Halloween Surprise: Rare Tropical Storm Forms in Mediterranean Sea
The Mediterranean tropical storm formed over water temperatures that were 2 to 3°C warmer than normal. A study released October 12, 2016 by meteorologists in Spain and Italy found that although medicanes may become slightly more rare in the coming decades, they are likely to become stronger—a finding in line with previous study of the impact of climate change on tropical storms and hurricanes worldwide, and previous studies of medicanes.
A tropical storm formed Halloween weekend, not in the typical Atlantic or Pacific, but in the Mediterranean Sea.
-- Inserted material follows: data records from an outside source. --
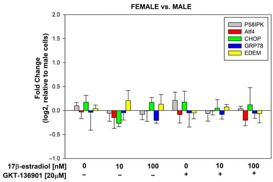 log2 fold change representing the mRNA expression of genes related to ER stress/UPR initiation in female porcine thyroid cells relative to male porcine thyroid cells. Cells were incubated with 17β-estradiol at concentrations of 0.0 nM, 10 nM, or 100 nM, with or without GKT-136901 (20 µM). Bars represent the mean ± SE of three independent experiments.
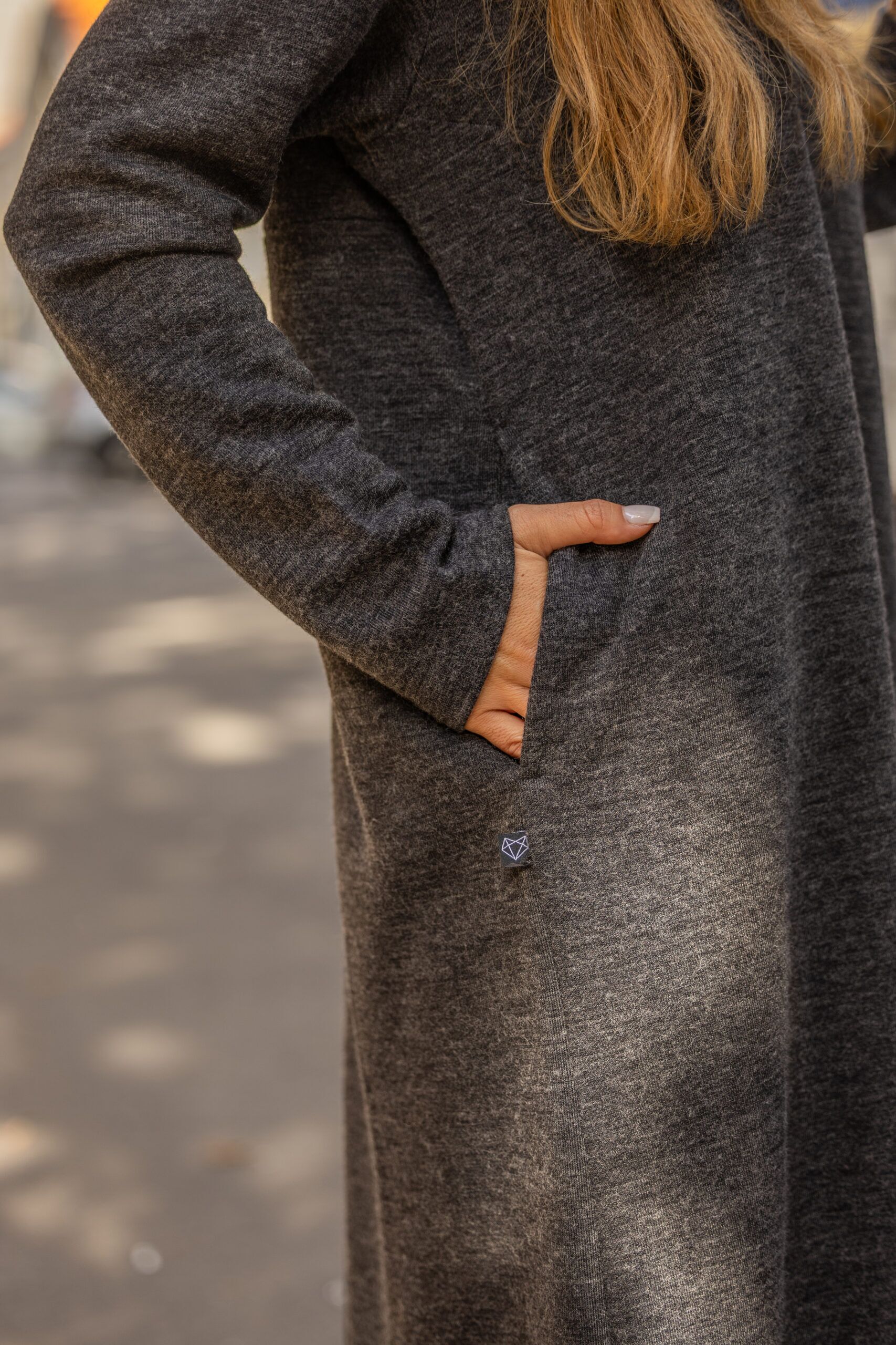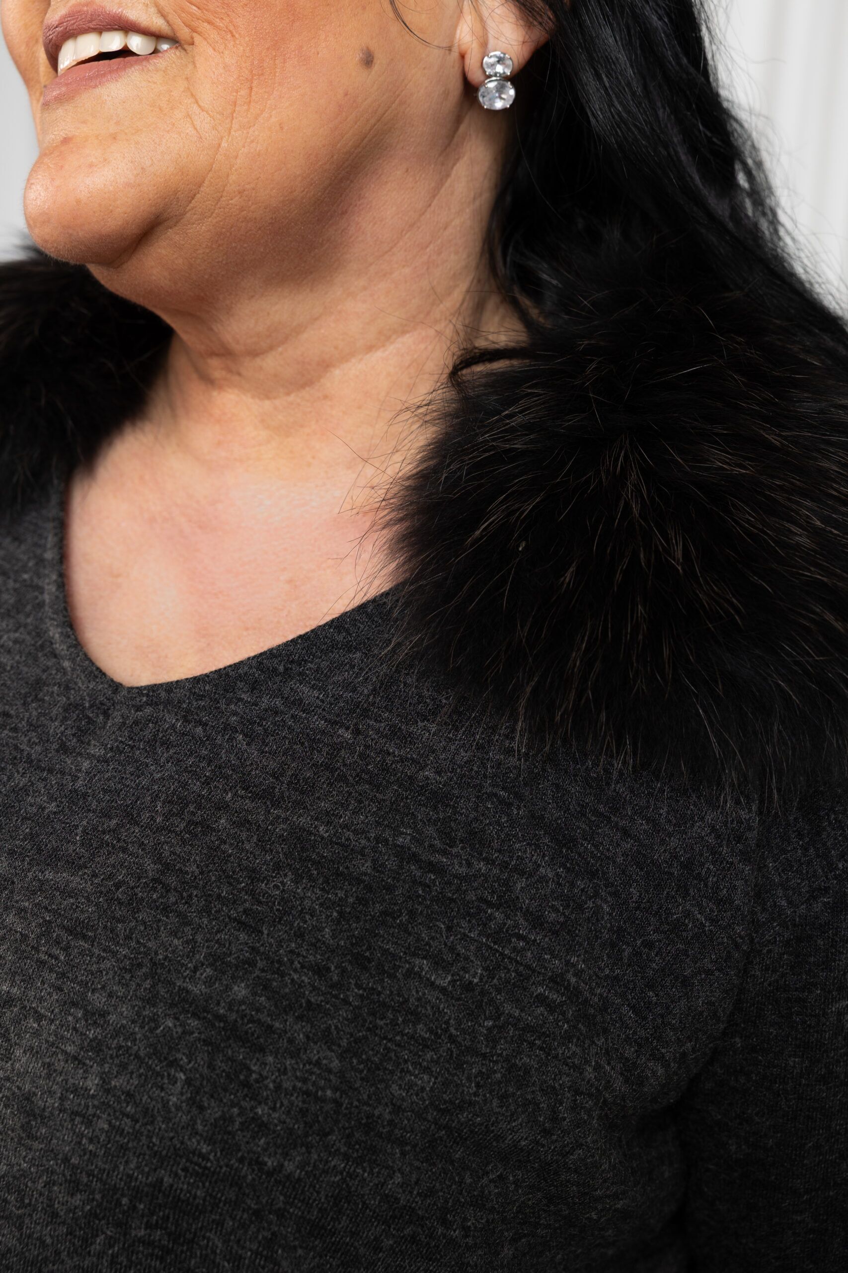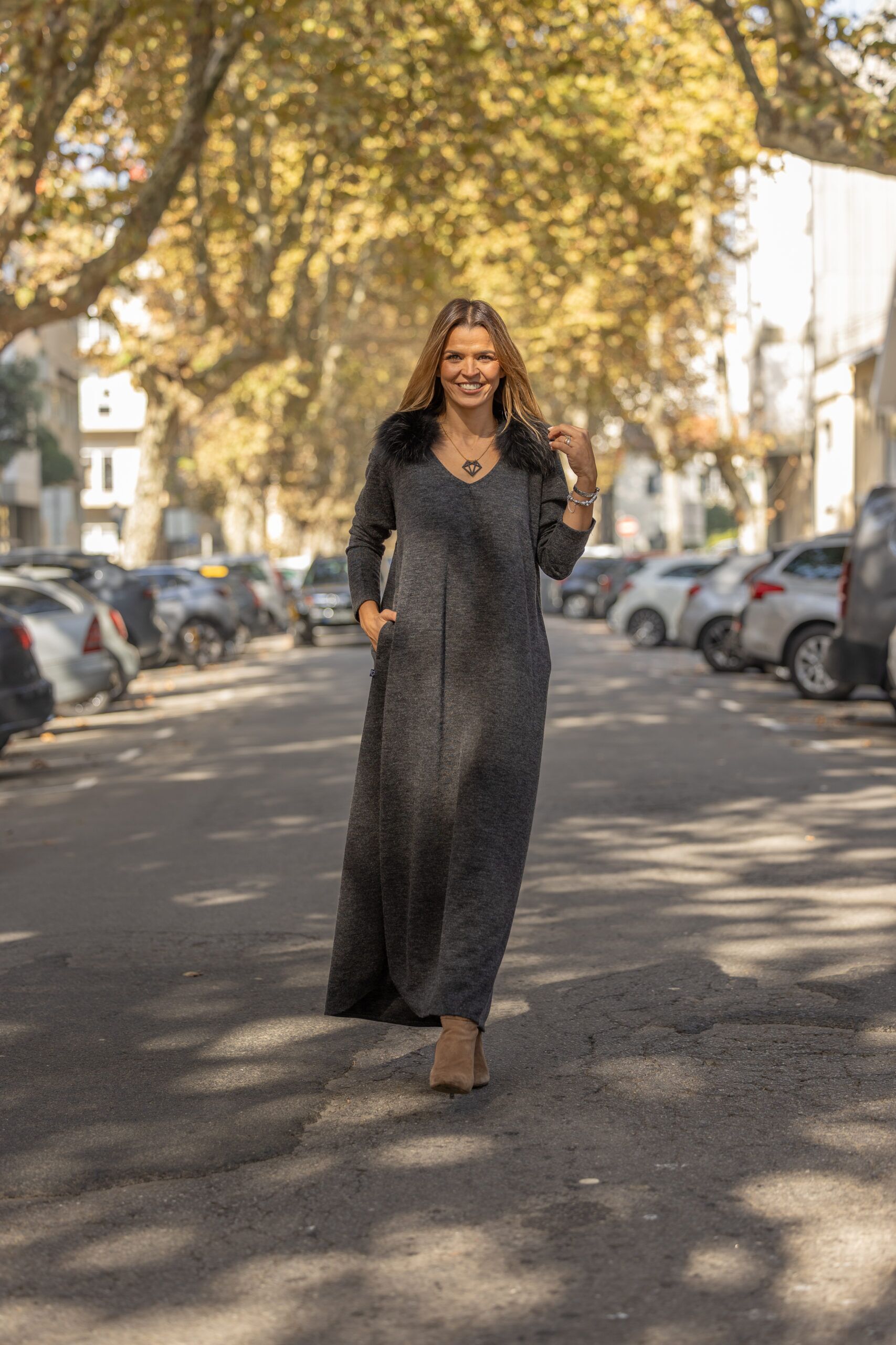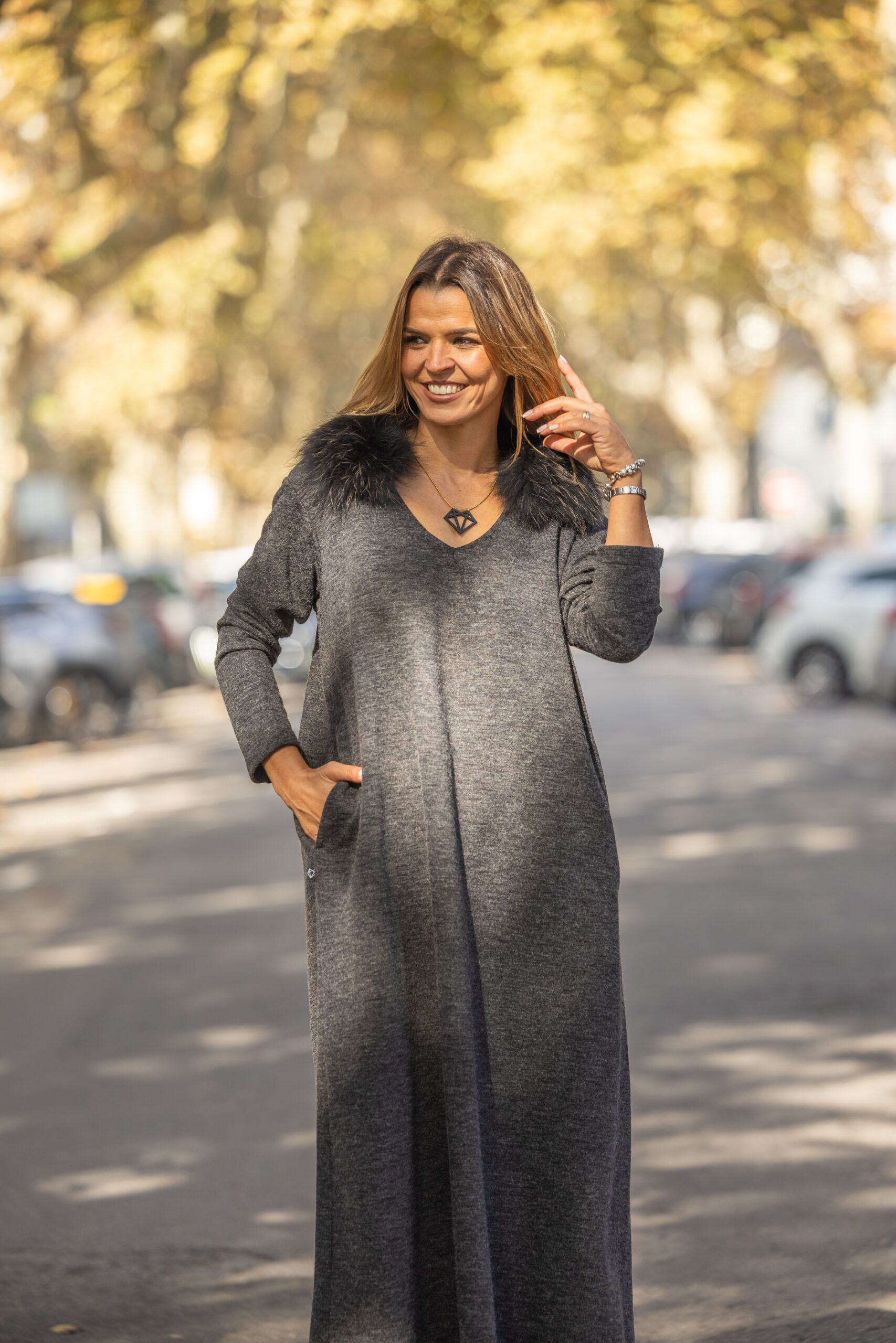 Vestido exclusivo Fox em malha cinza antracite com gola de pelo verdadeiro , gola removível. Com bolsos
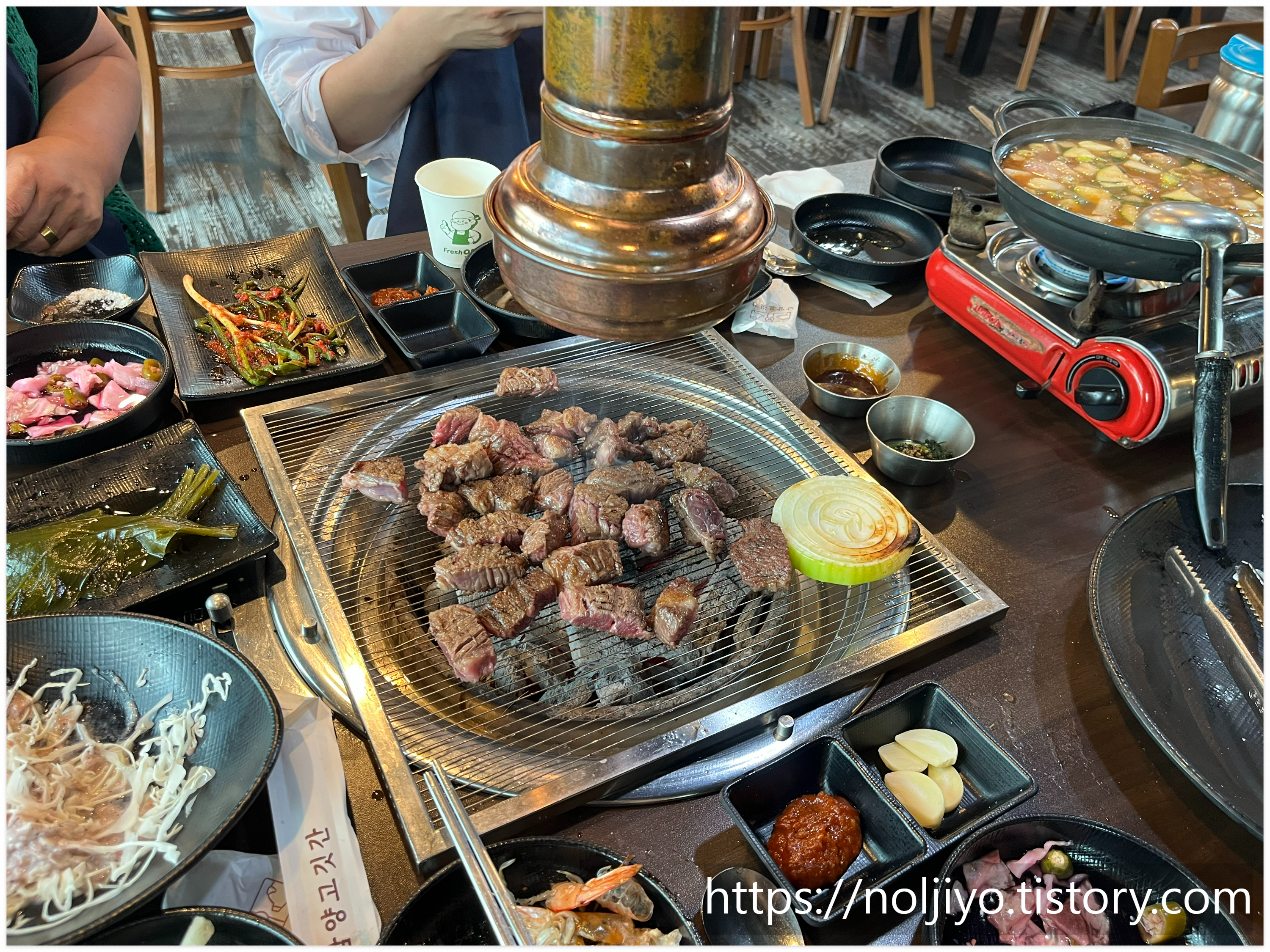 고기만 좋은 게 아니라 시골 된장찌개가 함께 나와 구수한 맛을 더해줍니다. 반찬도 다양하게 준비되어 있어 고기와 곁들여 먹기 딱 좋았습니다. 무한리필 이용 시간은 2시간으로 안내되어 있는데, 고기를 천천히 즐기면서도 충분히 배부르게 먹을 수 있는 시간입니다.
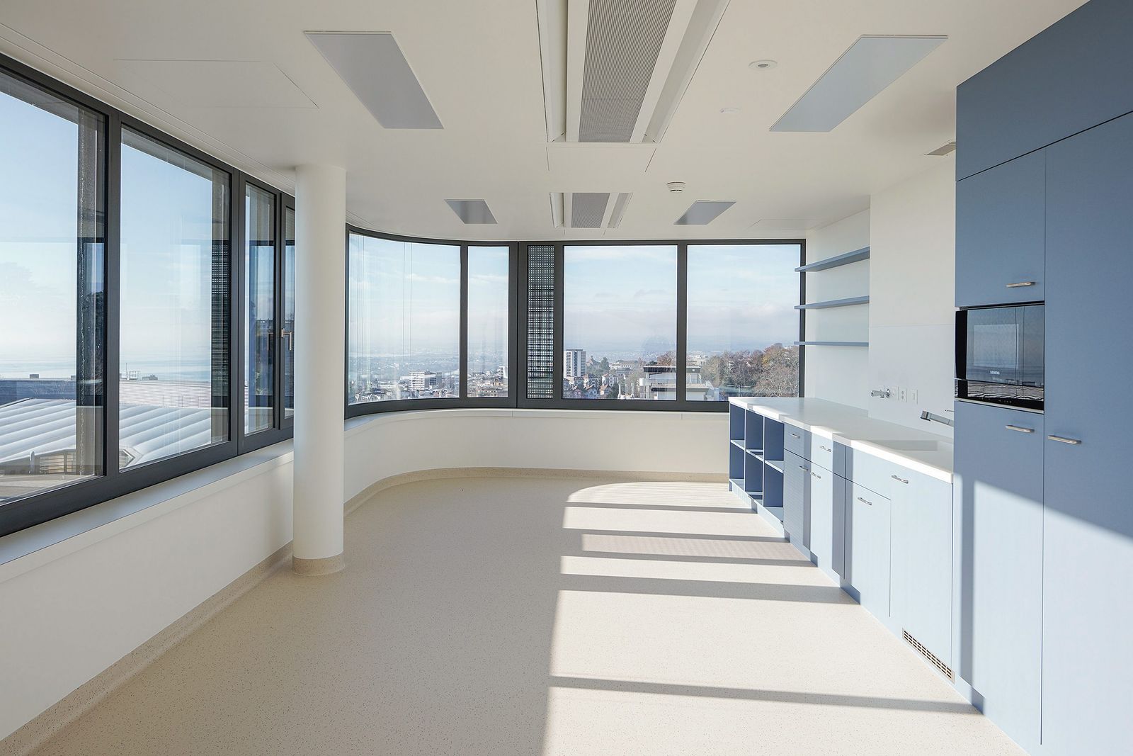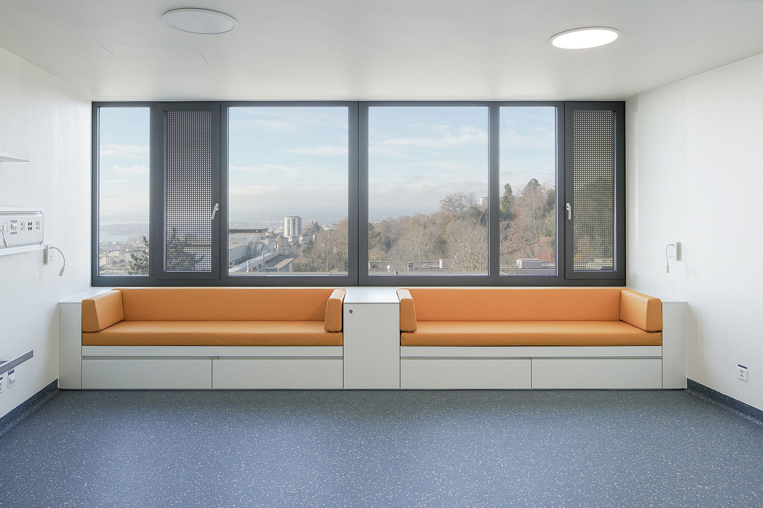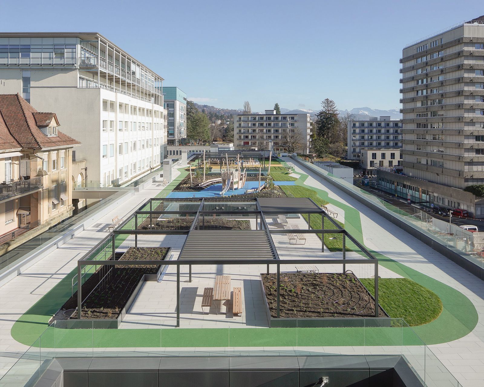 The new children's hospital is located in the centre of Lausanne University Hospital (CHUV). It has 71 inpatient beds in a setting designed especially for 0-18 year olds and their families. The hospital is characterised by its striking silhouette. The prominent urban corner at the junction of Rue du Bugnon and Esplanade is highlighted by a six-storey building. It houses both the main entrance to the paediatric hospital and access to an integrated metro station. The eastern section of the 180-meter-long building is terraced lower to preserve sightlines to and from the maternity clinic to the north. An important element of the concept is the rooftop garden on the lower part of the building, designed as a green oasis. Serving both as a therapy and rehabilitation space, it supports the well-being and recovery of young patients. As children are usually accompanied when they come to the hospital, the project prioritizes a family-friendly design. The patient rooms are designed to accommodate two children and their parents, with a modular layout that can be adapted to different space requirements.
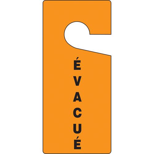 Door Knob Safety Tags – French, Plastic, 4″, 9″, Evacuated, Standard
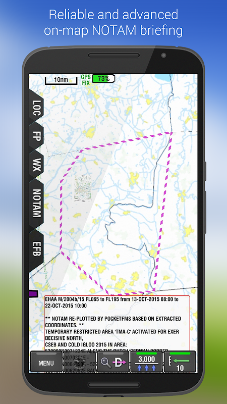 - Integrated Weather: PocketFMS' renowned Weather Information System provides graphical METAR/TAF depiction, W/V at different altitudes, and European Advanced WX forecast (cloudbase, SigWX - rain, fog, thunder);
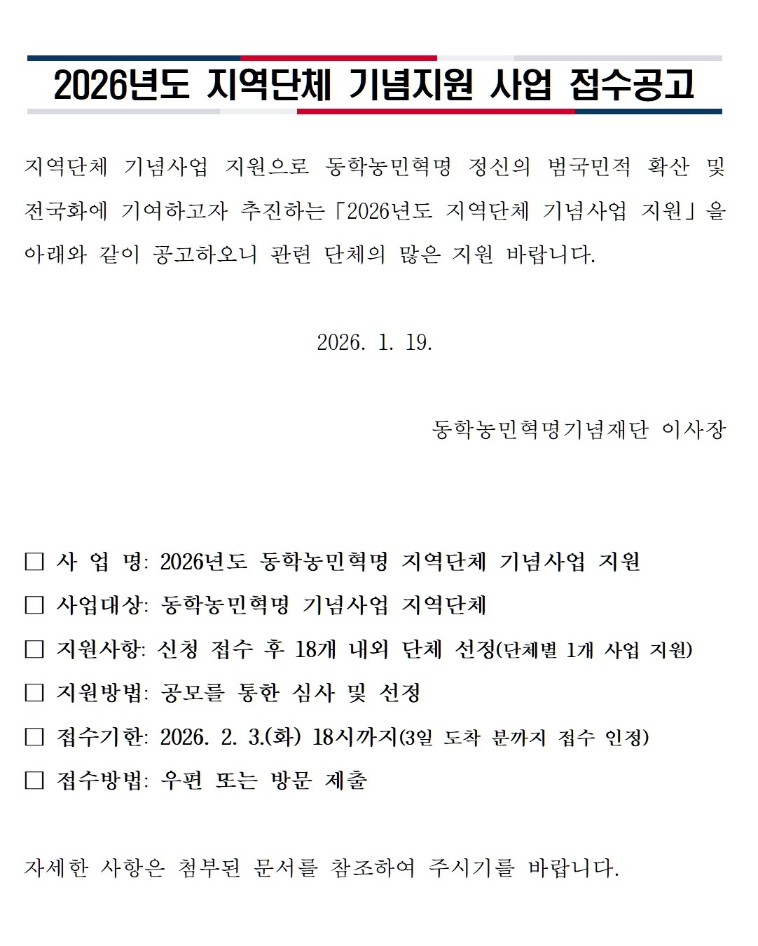 2026년도 지역단체 기념지원 사업 접수공고 공지

This rather strange sequence of events began as an area of low-pressure dropped southward from southern Europe and became temporarily left behind by the jet stream over the central Mediterranean Sea south of the Italian coast.
By Saturday, Oct. 29, a non-tropical low pressure center formed east of Malta, a group of islands between Sicily and the coast of Libya over the weekend.
In the meteorological community, there is some debate whether past vigorous low-pressure centers over the Mediterranean Sea were truly tropical cyclones, or a combination of a tropical and more typical mid-latitude low-pressure center, known as a subtropical cyclone.
In fact, they can become strong enough to be considered Mediterranean hurricanes, or "Medicanes". They can form in late summer or fall and also in winter and early spring.
One argument for "Medicanes" is the appearance of some recent storms via satellite resembling small hurricanes, including an eye.